### Material provided
+===+

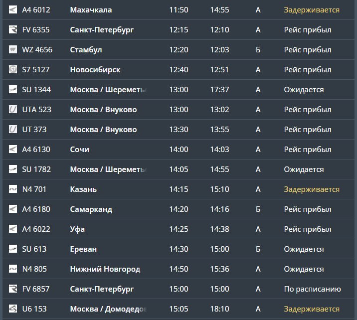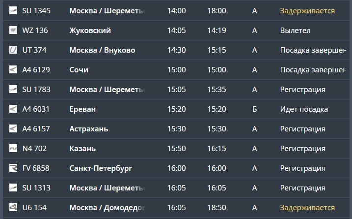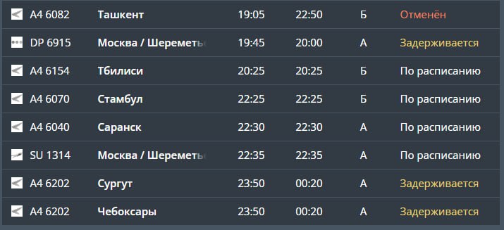 Два – на вылет (Шереметьево и Домодедово), остальные – на прилет (Махачкала, Казань, Домодедово, Шереметьево, Сургут и Чебоксары), следует из онлайн-табло.
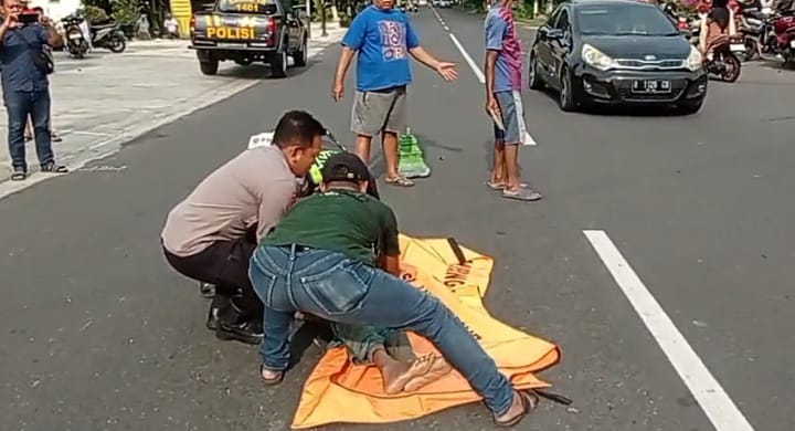 Sepeda pancal warna biru yang dikayuh korban tergeletak tak beraturan di sekitarnya. Sedangkan mobil warna hitam yang menabraknya, bergerak perlahan berusaha menepi ke sisi kanan jalur.
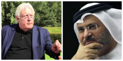 وزير الدولة الإماراتي للشؤون الخارجية أنور قرقاش و مارتن جريفيث

+===+

### Work to be completed
Images are to be left out; everything else in the material must be written out exactly.

### Task response
 Два – на вылет (Шереметьево и Домодедово), остальные – на прилет (Махачкала, Казань, Домодедово, Шереметьево, Сургут и Чебоксары), следует из онлайн-табло.
 Sepeda pancal warna biru yang dikayuh korban tergeletak tak beraturan di sekitarnya. Sedangkan mobil warna hitam yang menabraknya, bergerak perlahan berusaha menepi ke sisi kanan jalur.
 وزير الدولة الإماراتي للشؤون الخارجية أنور قرقاش و مارتن جريفيث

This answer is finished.